Remember how I'm a terrible cat owner? Well, I'm not... exactly. Emma is simply an asshole, which I already knew, but the vet suggested it was me that was making her vomit on the couch. It's not.

For the first week after buying her the vet prescribed "food," she didn't vomit once and even gained .2lbs (I haven't weighed her again, because the scale and I aren't currently on speaking terms). But almost every day this week she's thrown up those lab-created vittles. So fuck you, vet! If she's going to puke, she's puking real food... made with meat. (Say's the pescatarian.)


I realize I shouldn't be celebrating that my cat throws up a lot because it can't be good for her. She really doesn't seem bothered by it, though. She just gets up from wherever she's napping, makes a noise like a dying seal, vomits, and lays back down. It's I who must run around trying to catch the vomit in some sort of magazine I suddenly decide is disposable so as to not have to clean puke out of the mattress/couch/carpet (Truth: Cats won't puke on hardwoods or tile).

But I should probably get off my high horse about my cat ownerness. After a particularly annoying conference call today, I IM'd WC with "[So-and-so] makes me want to throw kittens"  except I actually named "so-and-so" which once again makes me a bad person. But at least I'm inventive.

WC said he was surprised by that image because even on his worst day he doesn't want to hurt cats and he doesn't even really like them (horribly allergic... yes, it's a red flag). He suggested that he'd be thinking twice about making me listen to Kid Rock and Lady Gaga against my will again... you know... for the kittens.

Except that I made him see The World's End and it was soooo bad that I'm now indebted to him. In a having-to-listen-to-Lady-Gaga sort of way. I don't care what Rotten Tomatoes says. It was not good. I now owe him two romcoms. And I owe you $20 for using the phrase "romcom."

Basically, if one of us has an idea that ends up sucking, we punish the other by forcing them to participate in something we know they wouldn't ever do. It's very romantic. I've offered him 7 of his movies if he watches and hates Shaun of the Dead (because I feel like this should redeem my World's End decision), but I think he's afraid to even take me up on it because what if he does hate it and then he has to quickly find 7 crappy movies to make me watch before I dump him for being cruel...

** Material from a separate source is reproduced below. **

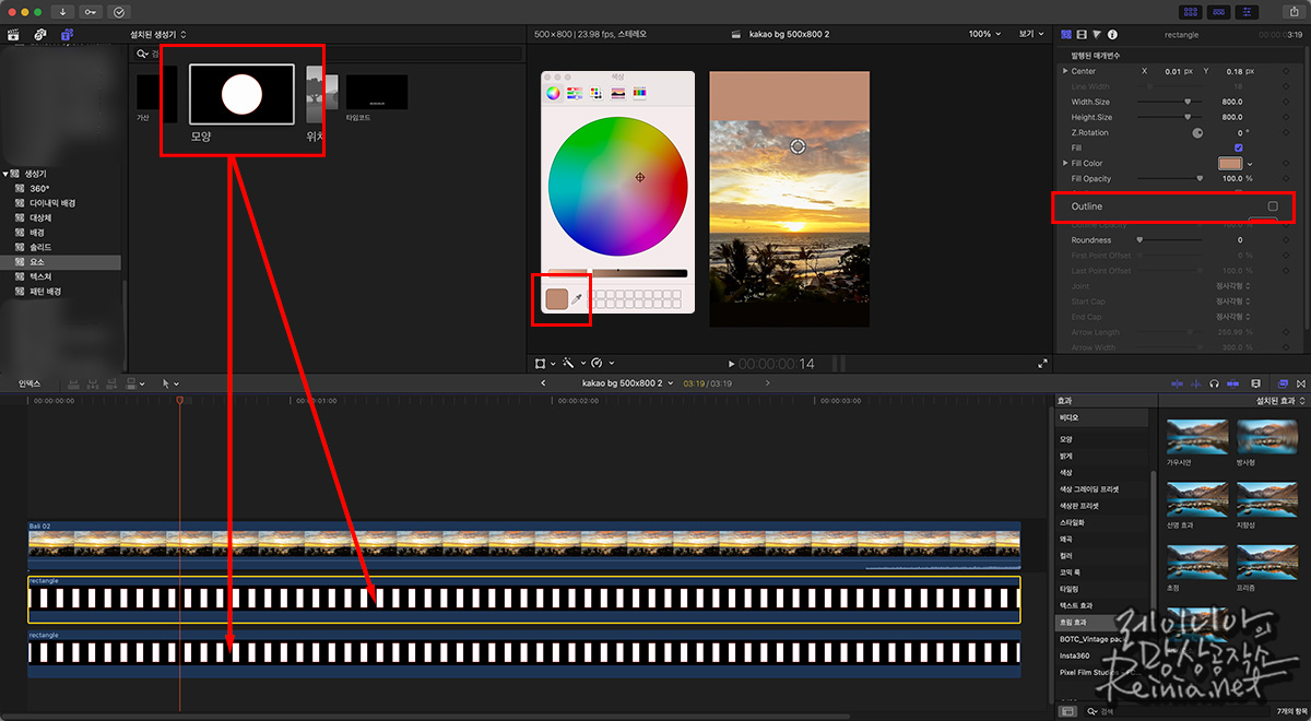 타임라인에 배치된 소스 영상 아래에 요소 생성기 - 모양 생성기를 찾은 뒤 원하는 모양을 넣습니다. 이후 비디오 인스펙터에 들어가 색상과 테두리를 설정합니다. 테두리는 아마 기본이 빨간색일텐데 없애면 되고요. 채우기 색상에서는 스포이드를 선택해 소스 영상에 있는 키 컬러를 선택하면 됩니다.

I better go pysche myself up for Don Jon this weekend. Christ on a bike.

Bringing this back to cats... remember that scene in Buffy where Spike takes her to play kitten poker? I just spent 20 minutes trying to find you a clip on YouTube and all I could find are these pictures so I'm just littering this post with them to add some continuity and intrigue.  I'm going to make it big as a blogger. Just you wait.